A nurse is collecting data from a client who reports an inability to cope because of their recent job loss. Which of the following actions should the nurse take?
- A. Tell the client to think about something else.
- B. Ask the client to describe their support system.
- C. Ask the client why they're unable to cope.
- D. Tell the client that everything will be okay.
Correct Answer: B
Rationale: Assessing the support system identifies resources to help the client cope.
A nurse is caring for a client who is postoperative and is preparing to walk for the first time in several days.
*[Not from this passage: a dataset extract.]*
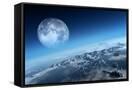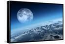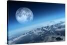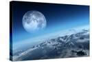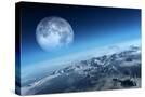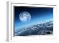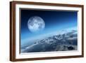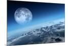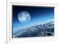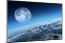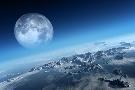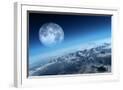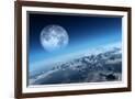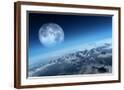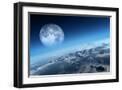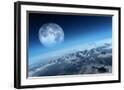 Planet Earth Icy Ocean and Rocky Islands with Moon Seen from Space (Texture Moonmap for 3D Art From
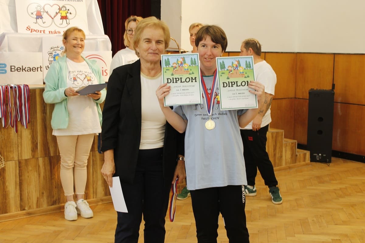 O úsmev na tvári a dobrú náladu sa postarali maskoti Mickey Mouse a Minnie. Ďalej sme medzi hosťami privítali poslancov TTSK, zástupcov Odboru sociálnych vecí TTSK a starostu obce Pastuchov. Čo sa týka umiestnenia jednotlivých družstiev, 3. miesto obsadilo CSS Jahodná, 2. miesto DSS Pastuchov a víťazmi sa stali súťažiaci z CSS Šoporňa – Štrkovec. Verím, že si všetci zúčastnení odniesli aj mnoho zážitkov zo spoločne stráveného dňa. Na záver už len veľká vďaka patrí všetkým zamestnancom DSS Pastuchov, ktorí sa spolupodieľali na organizácii nášho športového podujatia.

Which of the following instructions should the nurse give the client to prevent orthostatic hypotension?
- A. Use your incentive spirometer.
- B. Dangle your legs over the side of the bed.
- C. Increase your intake of protein.
- D. Perform regular isometric exercises.
Correct Answer: B
Rationale: Dangling legs helps acclimate the body to positional changes, reducing hypotension risk.
A nurse is checking for proper placement of a feeding tube. Which of the following methods is the most reliable for verification of tube placement?
- A. Verify the bilirubin level of the tube contents.
- B. Auscultate for air insufflation.
- C. Request a chest x-ray.
- D. Check the pH level of gastric contents.
Correct Answer: C
Rationale: A chest x-ray is the gold standard for confirming feeding tube placement.
A nurse is preparing to administer ampicillin to a school-age child who weighs 55 lb. The provider prescribes 50 mg/kg/day in 4 equal doses. Available is ampicillin oral suspension 125 mg/5 mL. How many ml should the nurse administer with each dose?
- A. 12.5 mL (calculated: 55 lb = 25 kg, 50 mg/kg = 1250 mg/day, 1250 mg / 4 doses = 312.5 mg/dose, 312.5 mg / 125 mg/5 mL = 12.5 mL)
Correct Answer: A
Rationale: Calculation confirms 12.5 mL per dose is correct.